Plans for a minimum price of alcohol in Wales are being delayed until at least early 2020 after an EU member state held up the process.
It was expected the new regime would be in place by this summer.
But EU rules have stalled the proposals after Portugal intervened. Scotland’s system has been operating since May 2018.
The Welsh Government wants to charge 50p a unit – meaning a bottle of wine could cost at least £4.69.
It is not yet known why Portugal has issued its “detailed opinion” on the regulation – a method usually used by member states to object to other EU country’s plans.
But it was one of five countries that had objected to the Scottish Government’s plans in 2013 – along with France, Italy, Spain and Bulgaria.
They argued that it breached European free trade law by discriminating against imported alcohol products – saying the policy was illegal, unfair and ineffective.
After years of legal argument the UK’s Supreme Court gave the go-ahead in 2017, saying the law did not breach EU regulations.
Vaughan Gething, Wales’ health minister, has told AMs that he anticipates the regulations will be laid in the autumn and the minimum price coming into in force by “early 2020”.
New regulations concerning products brought-in by member states are subject to a “standstill period” of at least three months – meaning nothing can happen in that time – but because Portugal has issued a “detailed opinion” it means that has been extended to 21 August.
The Welsh Government has to respond. It says ministers cannot lay the regulations on the minimum price with the assembly until the autumn.

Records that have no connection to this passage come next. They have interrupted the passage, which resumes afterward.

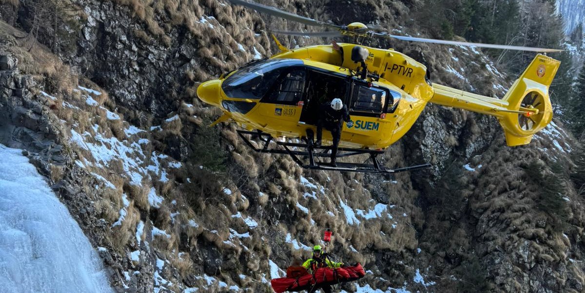 Due interventi di elisoccorso nel Bellunese: un alpinista cade su una cascata di ghiaccio in Val di Gares, uno scialpinista si ferisce in Alpago. Entrambi recuperati e soccorsi.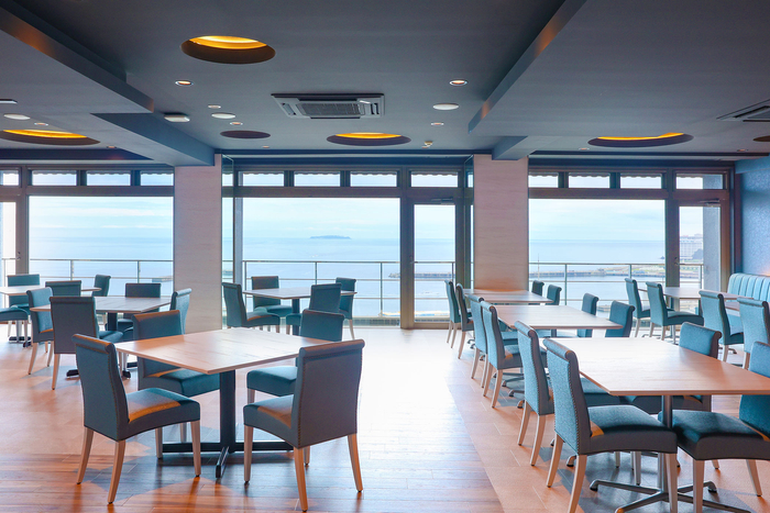 こちらは大きなガラス窓の向こうに熱海の海を眺める明るい空間です。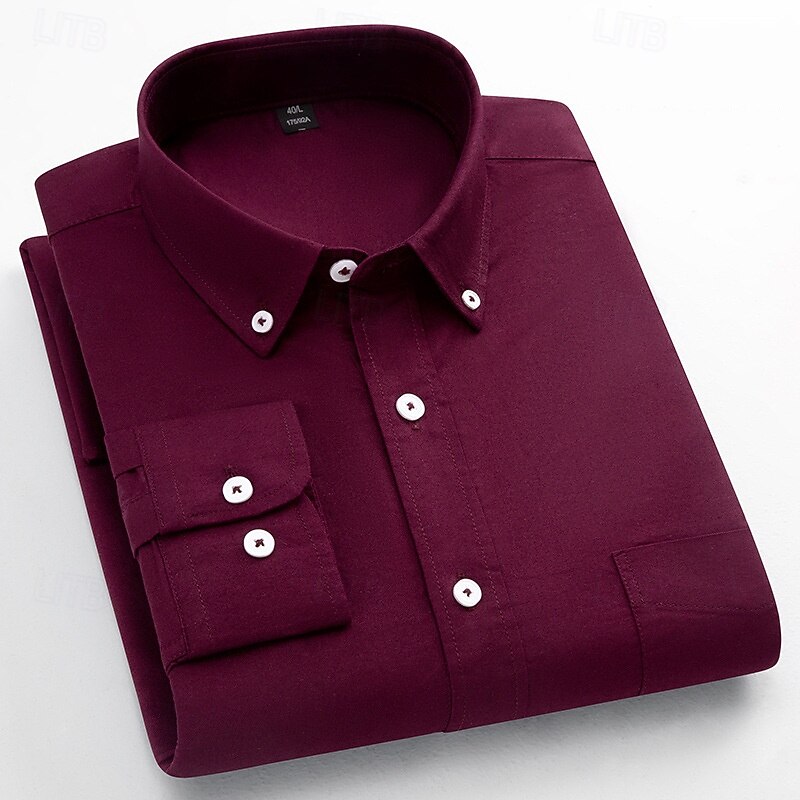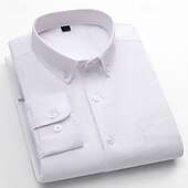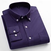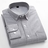Men's Striped Long-Sleeve Dress Shirts Button Down Breathable Casual Vintage Loose Cotton Shirts Stylish Solid Oxford Business Shirt for Men 15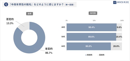 ●【『中高年男性の脱毛』をどのように感じるか?】の問いに、中高年男性の9割が「肯定的」と回答(86.7%)。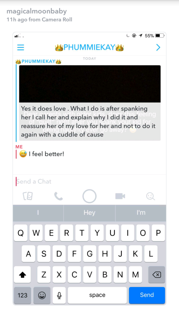 Then she got the perfect advise from a mother, which reads; “Yes It does love. What I do is after spanking her I call her and explain why I did and reassure her of my love for her and not to do it again with a cuddle of course”.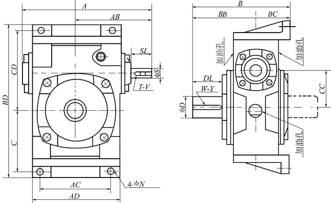 WL萬用型蝸輪減速機(jī)安裝尺寸圖

EU countries can restrict imports on public health grounds but only if it does not constitute a “means of arbitrary discrimination or a disguised restriction on trade between member states”.
Ministers believe tackling excessive drinking could save one life a week and prevent 1,400 hospital admissions a year.
A Welsh Government spokesperson said: ‘We will be considering the detailed opinion received from the EU Member State (Portugal) and will report to the EU Commission with a response in due course.”
The Portuguese representation to the EU was asked to comment.
A report on Wednesday said alcohol sales in Scotland in 2018 fell to the lowest levels seen in the country since records began in the early 1990s.
People in Scotland were still buying more alcohol than people in England and Wales on average – but the gap had narrowed.